Friday, April 15, 2011

Relationship By Choice

For all of you who know me in real life I'm really not into the "hippy-dippy infinite love and world peace for all" zeitgeist, but this is one warm and fuzzy concept I do dig.

Sometimes I think people forget that their commitment to their relationships is a choice. Instigating a relationship does not mean that there is no room for change in its form or appearance and if the relationship no longer works for either parties, whether it be romantic or platonic (and I would even extend this to familial relationships as well but obviously there are other layers going on there too), they have the choice to dissolve the connection.  I am thankful to have met and made connections with many amazing people, to whom I make a conscious effort to acknowledge their graciousness in choosing me to be their partner, lover, or friend, and I hope they do the same for me.
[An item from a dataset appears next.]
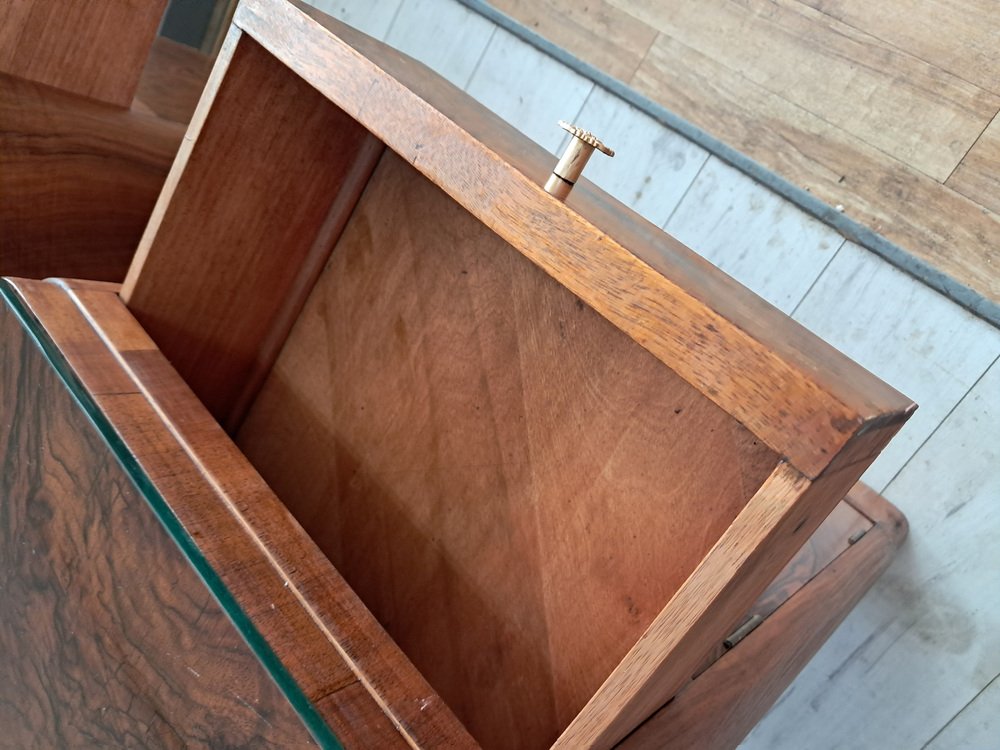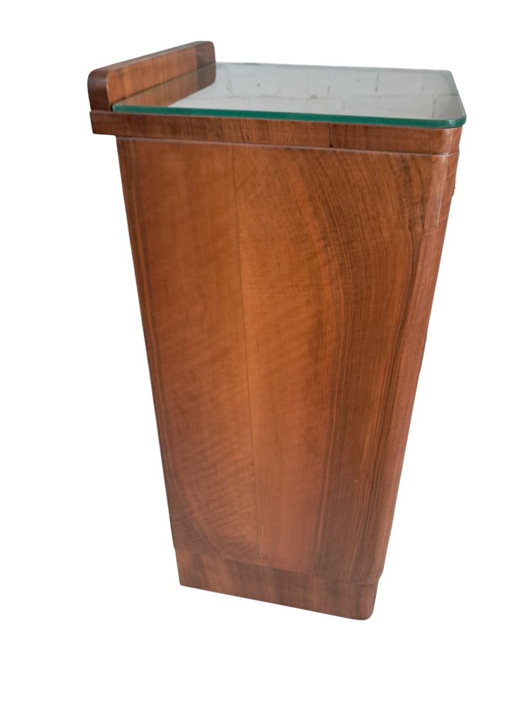 Medidas: Altura total: 80 cm Altura hasta la superficie de la mesa: 77,5 cm Anchura: 35 cm Profundidad: 35,5 cm Una oportunidad única para adquirir un auténtico par de mesitas de noche Art Déco originales, piezas llamativas que aportan estilo y espacio de almacenamiento práctico.

Prior to becoming polyamorous (about this time last year actually!) this concept hadn't even crossed my mind. My partner and I had been together since we were 14 and we both assumed that's how it was and would always be. We locked ourselves into routines, patterns of communication, and ultimatums based upon the "fact" that we had certainly made the choice to get together in the first place, but we never thought of our relationships continuation and the model we followed to be anything more. As I've become more conscious of my own relationships I can't help but notice how other's treat theirs as static, immovable, unquestionable, unbending and overwhelmingly above their own personal growth and independence.

While the human capacity for healthy and loving connections may or may not have a ceiling, we certainly do have logistical limits like time. As a busy woman I have to budget my schedule day-by-day between work, family, friends, and my more intimate relations. I treat my time as precious, which it is as is yours, and only give it to people and projects that I feel are deserving of it and have learned to appropriately and unselfishly drop hindering projects and people out of my budgeting process. Assuming that other's do this at least to some extent I treat other's allowance of their time to me as a special connection, one that they consciously chose, as I have.

1 comment:

  1. Hello lovely,

    I just touched on this very issue with Reid Mihalko. He is a relationship expert and sex educator. We measure our success in relationships with duration, and we stay with people we should not, because we feel we should. I like this entry a lot lovely.